Я знаю, о чем он думает: обо всем этом большом городе, об этой стране, об этом континенте, которые могут быть разрушены, подобно Вавилонской башне, но не благодаря действиям невидимого божества, а от рук хорошо видимого и даже весьма заметного человечка, который наслаждается своим могуществом, своими выступлениями по телевидению и властью, которую уже обрел над миллионами слепых последователей своих идей, но ему и этого мало, он хочет большего. Однако этот человечек и представления не имеет, какой ад он собирается в ближайшем будущем спустить с поводка.
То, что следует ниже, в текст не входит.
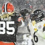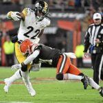The Steelers created a turnover early in the third quarter on a 24-yard pass to Cedric Tillman when strong safety DeShon Elliott’s tackle forced a fumble that was recovered by cornerback Donte Jackson at the Pittsburgh 25. The Steelers went for it on fourth-and-1 at their own 46, only for Browns defensive tackle Maurice Hurst II to stuff Jaylen Warren for a 1-yard loss.
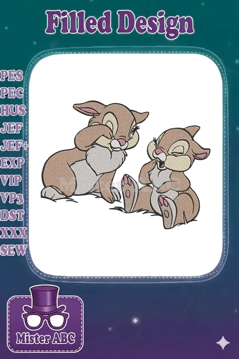 Cute Disney Bunnies Thumper Sisters Giggling Face Covering Embroidery Designs
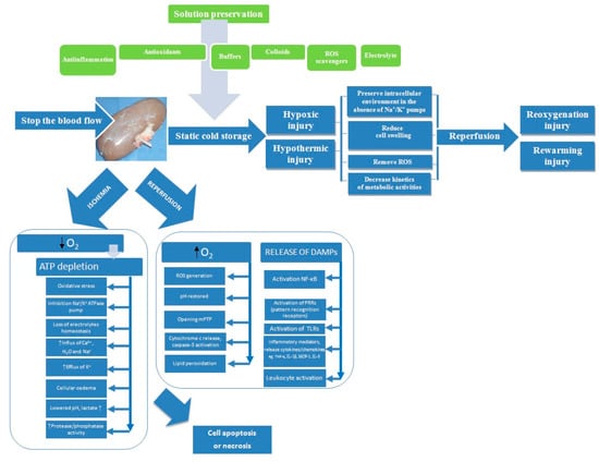 During cold ischemia time, the organ is usually stored by simple hypothermia (SCS, simple cold storage) or constant perfusion through the renal vessels using a pump. Hypothermic machine perfusion (HMP) is most commonly used for kidneys from expanded criteria donors and donors after cardiac arrest. The kidneys are cooled to +4 °C, rinsed, and then stored in a cold preservation solution until their implantation into the recipients [15,16]. Ischemic injury deepens during preservation and its severity depends on the applied storage method, solution and ischemic time. In hypothermia, renal filtration decreases proportionally with decreasing temperature. The oxidative phosphorylation process in mitochondria decreases and oxygen consumption falls. Sodium-potassium and calcium-magnesium pumps become inefficient, which results in cell oedema. The concentration of lactates and hydrogen ions increases, which acidifies the intracellular environment. The synthesis of ATP compounds is inhibited. Phosphate residues become detached, resulting in the formation of adenosine, a source of hypoxanthine that accumulates in the cell. Xanthine dehydrogenase, which acts as an oxidase, i.e., oxidizes hypoxanthine to xanthine and uric acid, undergoes transformation. Free superoxide radicals are generated. They damage the structure of structural proteins and enzymes and induce the production of inflammatory mediators. The cell membrane is destabilized as a result of lipid peroxidation [14,17,18,19].
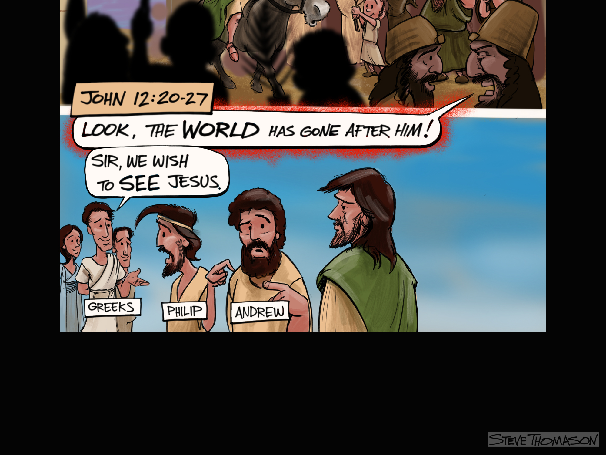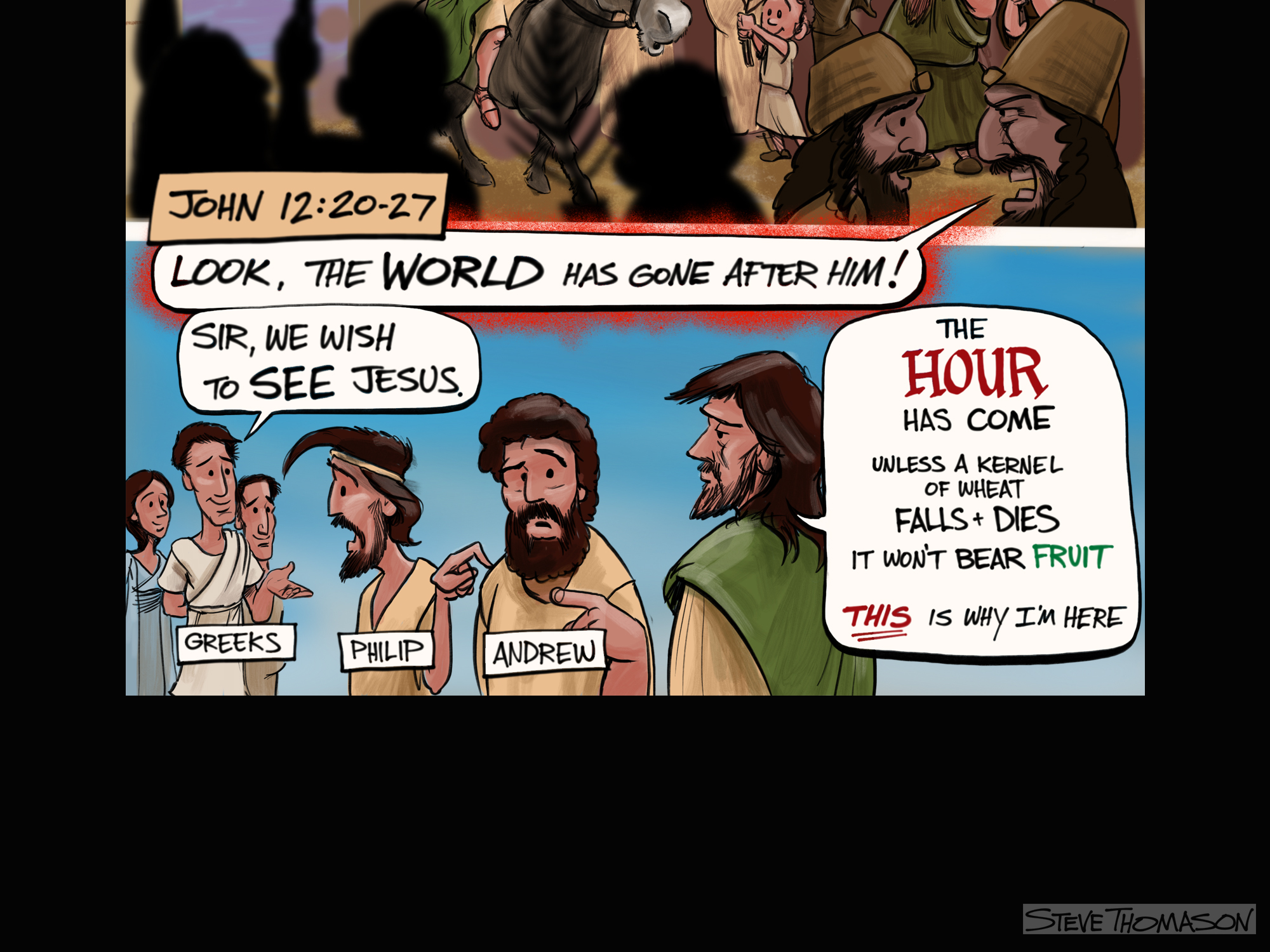 John 12:20-22. John gives us a word play. The leaders mention the World, and who walks up; a bunch of Greeks. This scene takes us back to John 1:35-51 where Jesus calls these same disciples. They want to see where Jesus abides, and he says, “Come and See.” Now, the world is coming to the disciples, because they, too, want to see where Jesus abides.
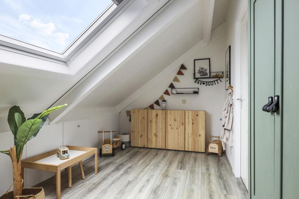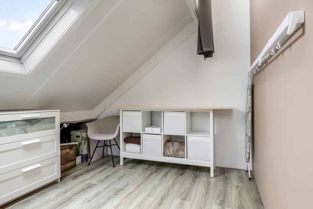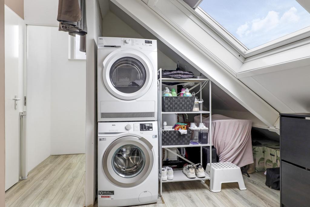 De voorzolder biedt ruimte aan de wasmachine, wasdroger en de (nieuwe) CV-ketelopstelling. Hier kun je comfortabel je was laten drogen en/of benutten als werk/studiehoek. En ook hier is een extra dakvenster geplaatst waardoor je lekker kunt laten doorwaaien.
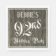Ce design luxueux et orné de serviette en papier sur le thème de l'anniversaire comporte un nom personnalisé et le message "92e anniversaire fête". Le grand numéro "92nd" et les mots "Birthday Party" sont dans un texte de style script sophistiqué, et l'arrière - plan présente un motif imitation/imitation bois inspirée du grain. Des serviettes en papier aussi sophistiquées pourraient être utiles lors d’une fête d’anniversaire ou d’une célébration pour célébrer le quatre-vingt-dix-deuxième anniversaire de quelqu’un. [~Z0000564]

Преподобный Карл Корбин, должно быть, безумен, по-настоящему безумен. Интересно, думал ли он о неизбежных последствиях своего плана? Понимает ли он, какие разрушения – и не только в Европе, но и во всем мире, – принесет воплощение этого плана в жизнь? Прекратится поставка продовольствия и полезных ископаемых. Исчезнут банки и биржи. Остановится транспорт, и любые перемещения, кроме, пожалуй, ходьбы пешком или – изредка – верхом на лошади, станут невозможны. Предприятия остановятся. В течение нескольких недель большая часть населения земного шара попросту погибнет – от голода, от жажды, от насилия. А те, что останутся в живых, будут вынуждены вести жалкую жизнь, и им будет далеко даже до героев детской книжки «Маленький домик в прериях», ибо они будут вынуждены строить себе землянки, а не только собирать сено в стога и превращать кукурузу в силос.

 

Возможно, впрочем, именно этого преподобный Карл и хочет. Возможно, и он, и его Истинные не настолько безумны, как кажется. Во всяком случае, они, конечно же, не настолько безумны, чтобы перерезать те нити, благодаря которым пляшет их марионетка – президент Майерс.
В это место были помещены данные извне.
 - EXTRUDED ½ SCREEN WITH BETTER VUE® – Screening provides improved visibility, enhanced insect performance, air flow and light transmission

– Мы готовы, Джин, – говорит Лоренцо, держа в руках шприц. – Теперь твоя очередь, ты ведь окажешь нам честь?
Я беру у него шприц, еще раз проверяю жидкость на присутствие остаточных пузырьков воздуха – воздух нам необходим, но он ни в коем случае не должен попасть в мозговой кровоток миссис Рей – и снимаю с иглы пластмассовый колпачок.
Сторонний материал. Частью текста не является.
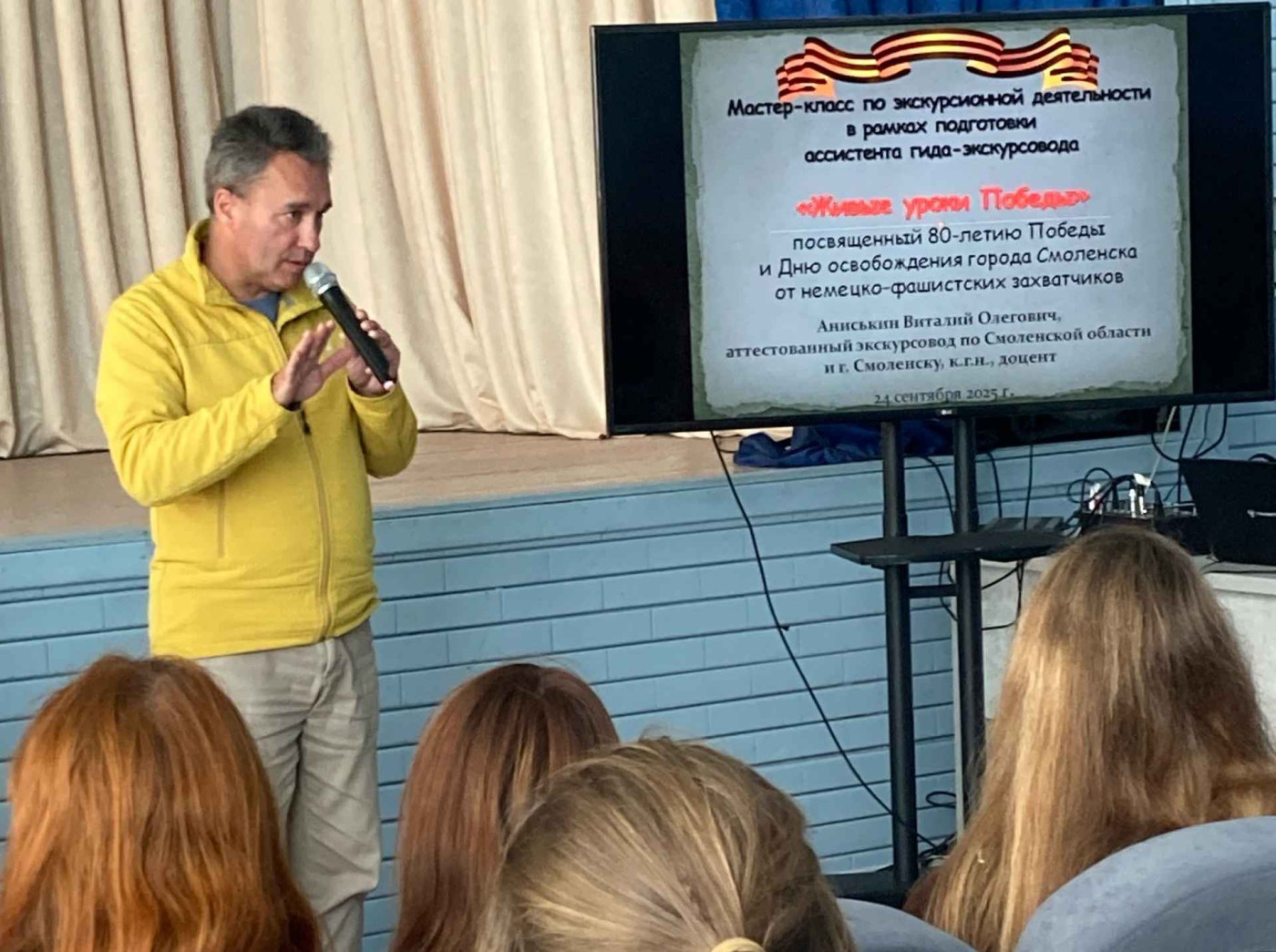 В Смоленской академии градостроительства и архитектуры для студентов специализации «Туризм и гостеприимство» состоялись два значимых образовательных события. В рамках патриотическо-познавательной акции Смоленского краеведческого общества кандидаты географических наук, доценты В.О. Аниськин и С.А. Щербакова организовали и провели мастер-класс по подготовке ассистента гида-экскурсовода и интерактивную лекцию «Живые уроки Победы».

Морган нервно облизывается, когда я ввожу иглу в катетер и, затаив дыхание, медленно нажимаю на поршень.
– Все будет хорошо, миссис Рей, – машинально повторяю я.
А в помещении вдруг отчего-то становится жарко и душно, как в сауне. Мне не хватает воздуха.
Рядом со мной Лоренцо включает секундомер, и мы напряженно ждем. Глаза всех прикованы к старой женщине в инвалидном кресле.
Мне кажется, что прошло несколько часов, а на самом деле, как мне говорят, всего десять минут, когда я вижу, что Делайла Рей подносит руку к катетеру, вставленному ей в череп, потирает пальцами какое-то местечко у левого виска под седыми волосами и поворачивается к прозрачному кубу из плексигласа, в котором сидит мой кролик по кличке Барабанщик.
– Какой очаровательный зверек, – говорит она. – Это же настоящий флоридский кролик! Когда я была девочкой, у нас был полон вольер таких.
И я вдруг чувствую, что воздух вокруг становится чище, точно в тропиках после муссонного дождя.